Abstract
Purpose: :
To determine whether IOP-lowering medications reduce the risk of retinal arterial occlusions or retinal venous occlusions.
Methods: :
A retrospective case-control study evaluated patients with central retinal arterial occlusion (CRAO), branch retinal arterial occlusion (BRAO), central retinal venous occlusion (CRVO), or branch retinal venous occlusion (BRVO) and their matched controls.
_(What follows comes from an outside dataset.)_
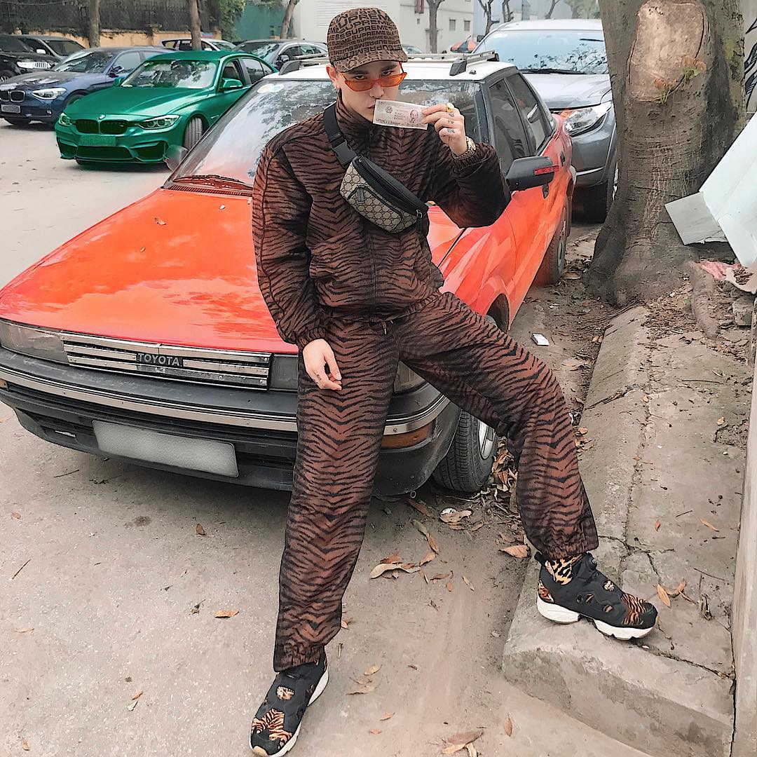 Nếu Châu Bùi đem đến outfit nhiều sắc màu thì Decao lại chọn lựa bộ cánh với cả cây áo và quần cùng chất liệu, họa tiết da động vật. Anh chàng cũng phối phụ kiện nón và túi đeo chéo cùng tông màu để giúp phần nhìn không bị “làm quá”.

Conditional logistic regression models (based on matched variables) were used to predict the likelihood of each outcome while adjusting for the following covariates: treatment with IOP10 lowering medication in the year prior to index date (incrementally defined as 2 to 10 prescriptions), descriptives and comorbidities in the year prior to indexdate.
Results: :
In univariate analysis, CRVO, BRVO, and CRAO patients had fewer IOP lowering prescriptions in the year prior to index date than matched controls (not significant). After adjusting for covariates, CRVO and BRVO patients treated with IOP-lowering medications in the year prior to index date were less likely to develop ocular ischemic events. As the number of prescriptions used to define the treatment cutoff increased, so did the protective effects of the OR. In other words, the more IOP-lowering prescriptions a patient received, the less likely he was to experience a retinal venous occlusion. This trend was significant for both CRVO (P<0.0001) and BRVO (P=0.0110) patients. However, a similar trend was not observed in the CRAO and BRAO patients.
Conclusions: :
Results of our study suggest that IOP-lowering medication is associated with a possible protective effect against retinal venous occlusions.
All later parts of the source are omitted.